It seems there is no error

michbens commented 2 years ago

I'm not sure this is a size issue. I checked the sizes and I get the following:

table CoreCfg
{
    coreCfgField1:CoreCfgField1_Sruct(id:0);       // ~ 1K
    coreCfgfield2:CoreCfgField2_Sruct(id:1);       // ~ 1K
    coreCfgfield3:CoreCfgField3_Sruct(id:2);       // ~ 1K
    staticCfg:StCfg.StaticCfg(id:3);               // ~ 4K
    coreCfgfield5:CoreCfgField5_Sruct(id:4);       // ~ 2K
    coreCfgfield6:CoreCfgField6_Table(id:5);       // ~ 92K
}

When CoreCfgField6_Table is a table containing 6 structs of the following sizes:

table CoreCfgField6_Table
{
    f1:S1;  // ~ 9K
    f2:S2;  // ~ 8K
    f3:S3;  // ~ 8K
    f4:S4;  // ~ 31K
    f5:S5;  // ~ 19K
    f6:S6;  // ~ 19K
}

So there is no structs more than 64K

mikkelfj commented 2 years ago

Thanks for data.

The problem is that the sum of the individual fields reach more than 64 KB. In your example f6 cannot be reached if it is stored last in the table.

The main problem is that vtable offsets are 2 bytes so they cannot point beyond that. But in principle the end of the last field could go beyond that. However, the table size is also stored in 2 bytes so at the very least the buffer should fail verification. Therefore the builder should also reject such large tables.

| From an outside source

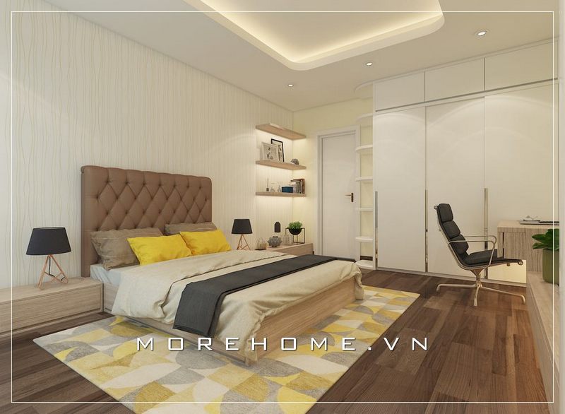 Tủ áo hiện đại được thiết kế dạng cửa trượt âm tường giúp cho không gian phòng ngủ thêm rộng rãi và thoáng mát.

I am not sure why you do not get an error, but this area probably hasn't be used or tested much since you are not allowed to do it anyway.

My next suggestion:

Reduce the size of the table gradually until you get below 64 KB just for testing. Run the verifier on buffer each time you reduce, and see if you can confirm success once you below the limit.

If you can show the buffer is valid below 64 KB and if you also confirm that none of the data is corrupted (the verifier does not check everything), then:

1) you know where the problem with corruption is. 2) we need to figure out why flatcc does not produce an error.

We already know you are doing something wrong right now, but that does not rule out a bug in flatcc also.

I think the data you posted in the previous mail is interesting. Please keep the code for that project as is, even if you make changes. We might not to add more debugging to see if and where error reporting fails.

mikkelfj commented 2 years ago

To be clear:

CoreCfg has 1 field of size 92 KB, but that is a child table so it does not count. The problem is CoreCfgField6_Table because all the fields are structs, and they are all stored in the same place that must be less than 64 KB in total.

Also, the problem with maximum struct size is more C compiler issue than a FlatBuffer issue. In principle very large structs could be stored in vectors even if they do not fit in tables.

mikkelfj commented 2 years ago

I think I know why the error reporting fails:

The check in push_ds_table is only to see if the internal builder stack has enough space. If not, it allocates more memory. If that fails, it returns 0.

This is fine, but it doesn't check the table size, that is not the purpose of that check. Now, flatcc builder could add check for that, but I think it would just make the builder slower without any real value. Even if you violate the limit, you rarely check return codes because the builder only fails if it runs out of memory, or if it is used incorrectly.

So I think an error would be appropriate, but not worth runtime nor development effort.

This leaves us with you confirming that there is no problem when you go below 64 KB in a table.

michbens commented 2 years ago

If I change all CoreCfgField6_Table fields to tables it will be OK ?

mikkelfj commented 2 years ago

If I change all CoreCfgField6_Table fields to tables it will be OK ?

Yes, that should be fine, at least with the sizes you currently have.

mikkelfj commented 8 months ago

This is a bit too involved for me to test, but I added a runtime check to fail and optionally assert if the table is too large for the FlatBuffers voffset_t data type. I think this was the assumed root cause of this issue. Fixed in f8c346f .